When the harvest was in, I let the seed pods dry in bowls and watched little bugs run all over. Then it was time for the fun part- getting the good seed out of the pod or husk.
About 1/3 of the seed was not Hull Less. what a surprise! I got to see how both types work. Here again, with rustic tools, probably what pre-civilized man could make, I attempted to extract the seeds from the hulls. Extremely time consuming. Yet, the process, like with wheat, is perfectly suited to a birds beak.
Now a cow can eat the whole plant down to the ground. The cow can digest the grass, hull and seed. The birds are there for the seeds and maybe will use some of the grass to build a nest. They might also enjoy a few of the bugs.
So this brings me to the original question- what came first? Beer or bread? And I say it was beer. This is because you can sprout the grain for the enzymes needed to convert the starch to sugar, then ferment the sugar, without having to remove the seed from the hull. Just ferment the whole thing. There is a pounding that happens after the seed is sprouted, but this can be done in a rock bowl with a heavy stick. After fermenting, the liquid is strained through a woven basket and the residue is fed to the cows, chickens and other grazing animals.
It is possible to pound some grain out of this for human consumption, but to get enough to make bread would take a week of hard labor. I would rather have beer and steak and skip the bread altogether.

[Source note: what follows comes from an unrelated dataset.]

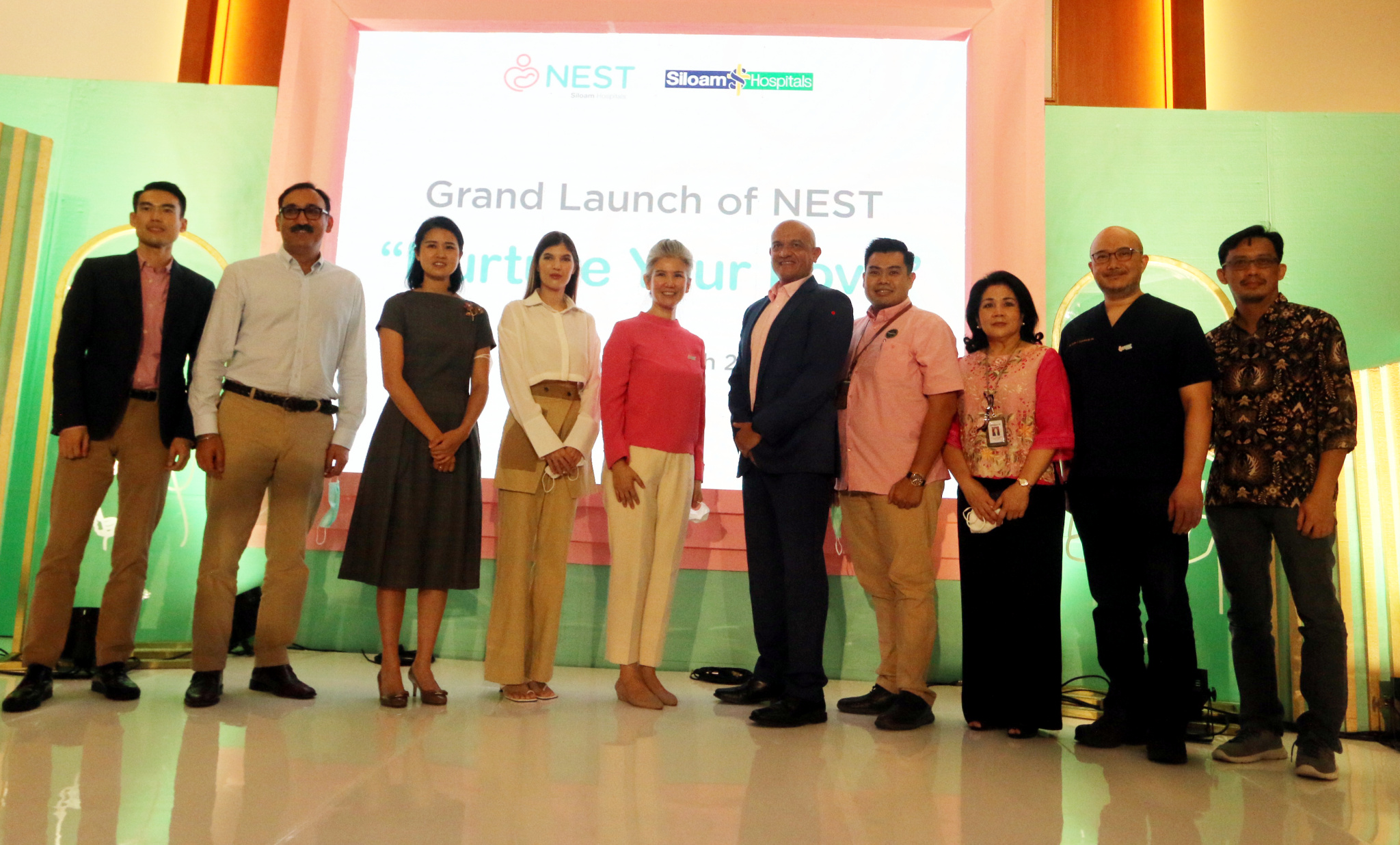Dari kiri: : Varun Khanna – Healthcare Business and Investments Managing Director Siloam Hospitals Group, Caroline Riady – Deputy President Director Siloam Hospitals Group, Mikaila Patritz – Public Figure & Pasien NEST, dr. Dewi Anggraini, MARS – CEO Siloam Hospitals TB Simatupang berbincang bersama usai meluncurkan program kehamilan unggulan, NEST di RS Siloam TB Simatupang dan sekaligus RS Siloam Sriwijaya Palembang. Kamis (11/5/2023). Program NEST merupakan program layanan kehamilan paling komprehensif yang dirancang untuk mempersiapkan orang tua baru dalam menyambut sang buah hatinya. Dengan tagline #NurtureYourLove, program NEST memberikan pelayanan, bimbingan, dan dukungan terbaik dalam mempersiapkan kelahiran si kecil. Tenaga medis NEST hadir untuk membantu kehidupan baru orang tua dalam perencanaan kehamilan, selama masa kehamilan hingga persalinan.

If I were to try this on a large scale, I would grow the grain and feed it to chickens, then eat eggs and chickens. If I have large fields, I would have cows for milk, cheese and meat. There are much better things to eat than grains. Maize is pretty easy to grow and eat. Potatoes are lovely. And all fruits and vegetables seem to be great for  growing and easy harvest. So I am content to let the grains feed the animals. I have collected a bowl full of oats. I might make some oat meal later on, but for  the most part, grains are a  modern food.
Final numbers- The oats produced 4 ounces of grain. The wheat produced about 1 pound and the corn (maize) was the real winner. If I have to grow grain, it will be maize/corn. Easy to harvest, easy to extract seed, easy to prepare (polenta). Next year, a bigger corn crop.